I know several people some with havi's and some with other small breeds who stress over them not eating much and go to great lengths to get them to eat anything. But...their dogs are all quite overweight! I am sure this is not the case with Che but they all claim the dogs eat very little. I was on vacation once with one of these friends and she had her dogs food down so she would "eat more". I saw the dog go over and eat enough for a full day in one sitting and didn't want to eat the rest of the day. My friend was cutting up cheese and other treats to try to coerce her to eat more. (and this dog was obese). 

Again not comparing you and Che to these dogs at all! But just an example of picky eaters and how they can self regulate. I really wouldn't worry if Che is healthy. He may not eat what he currently is being fed readily because he has learned he may get something better. I would offer him his food, if he does't eat it pick it up after a few minutes and don't offer him anything else until next meal time. He will learn to eat as much as he needs when he knows nothing else will be coming along. 
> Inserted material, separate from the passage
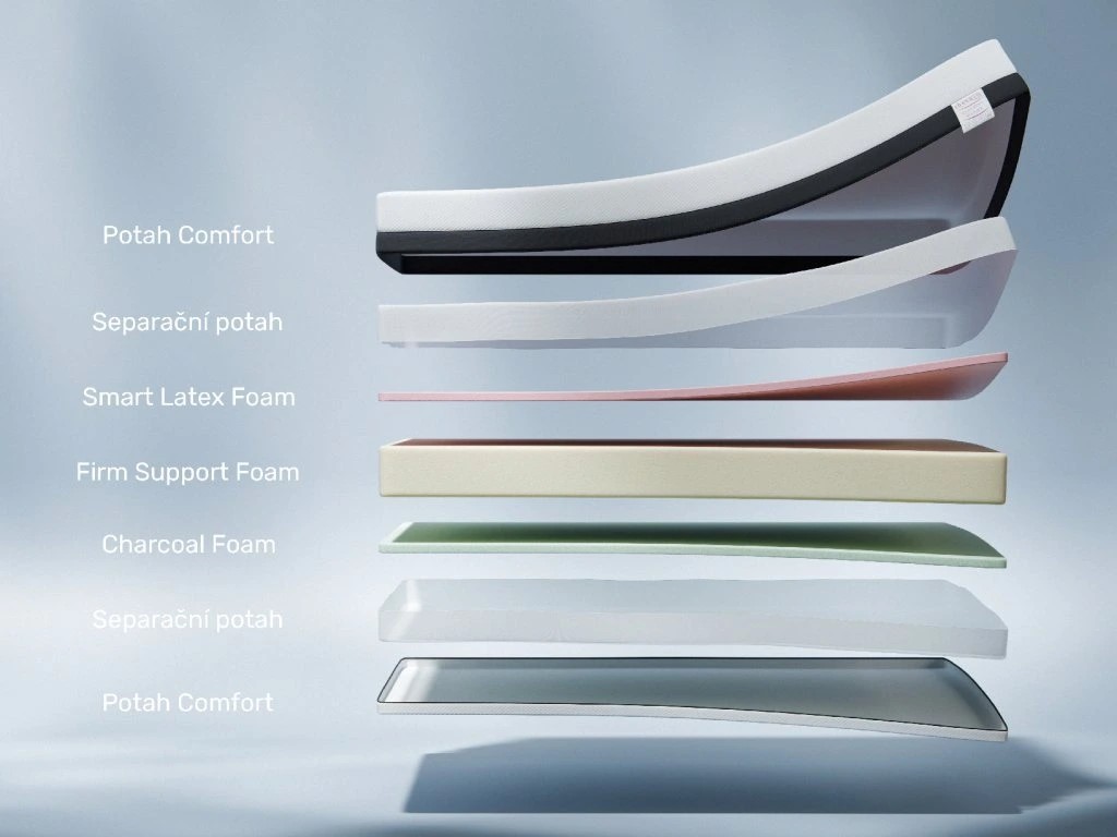| Jádro | 4 cm Air Memory Foam, 3 cm Firm Support Foam, 12 cm Taštičkové pružiny, 3 cm Firm Support Foam |
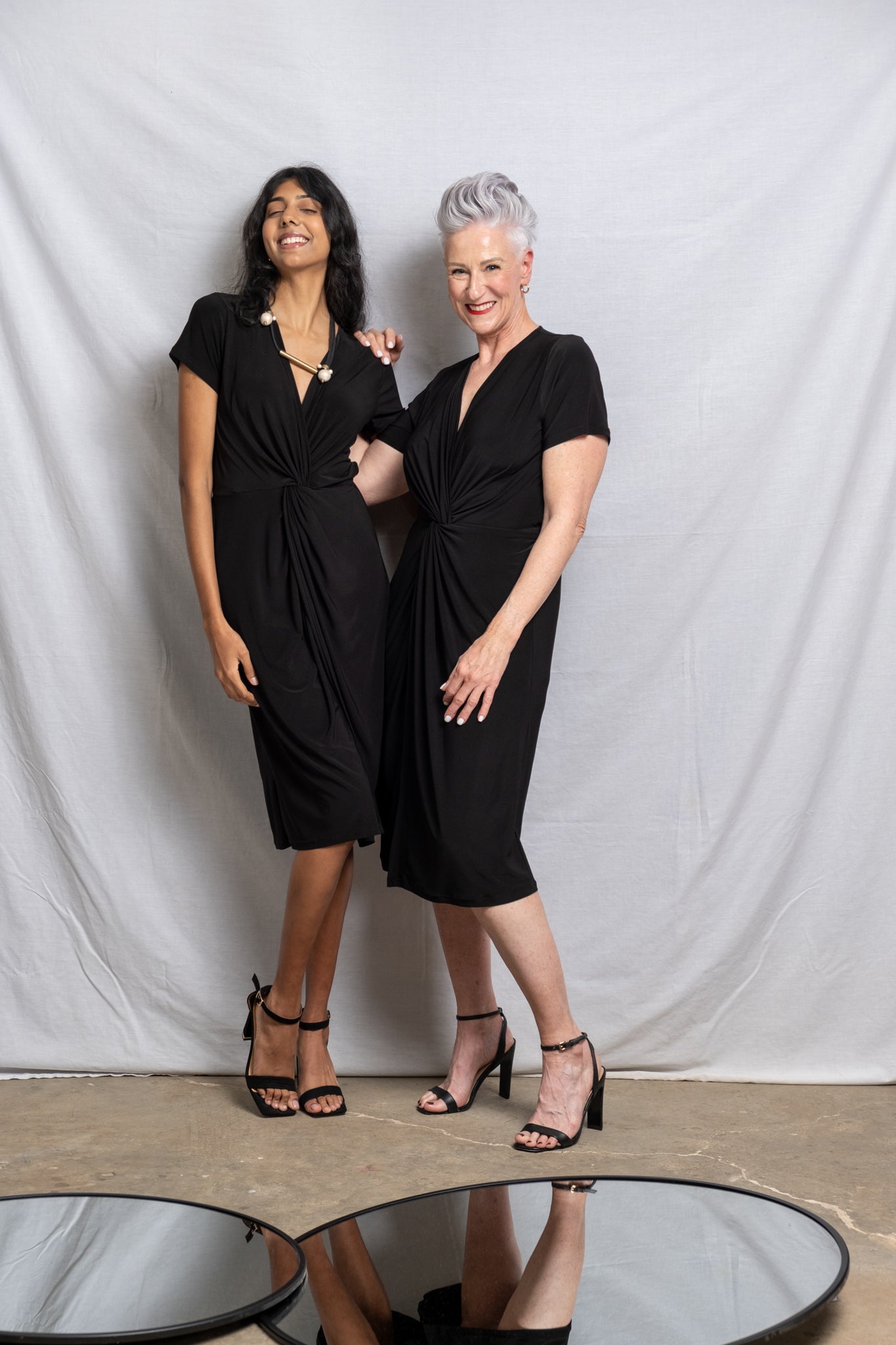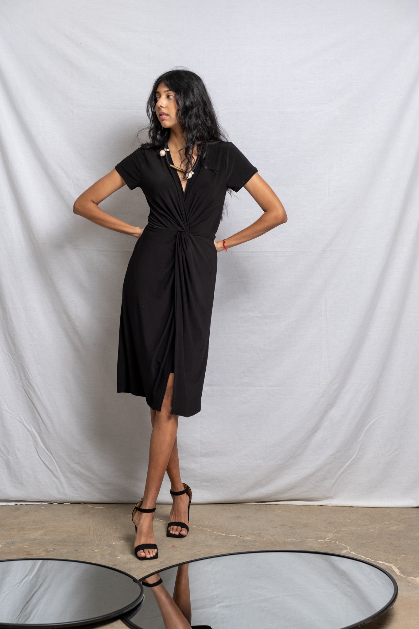 Ultra-flattering and elegant. The gathered twist smoothes the tummy and the V-neck elongates the neck.

I also agree about the nutrition. It is very easy to not have it balanced and over time it can cause nutritional deficiencies. You probably won't see signs of it until it has advanced to the point of causing issues. Sabine would be a good one to consult with. I home cooked WITH guidance for Sophie's first 4 years (she is 5 now). It turned out in the end it was the worst thing for her IBD. I am now feeding her Royal Canine Low fat canned....a crap ingredient food I never dreamed I'd be feeding her. But it has pretty much saved her life. That's another thing to consider, not every diet is going to be ideal for every dog.

I feel for you because I know how stressful this dog food thing is with the recalls etc etc.


----------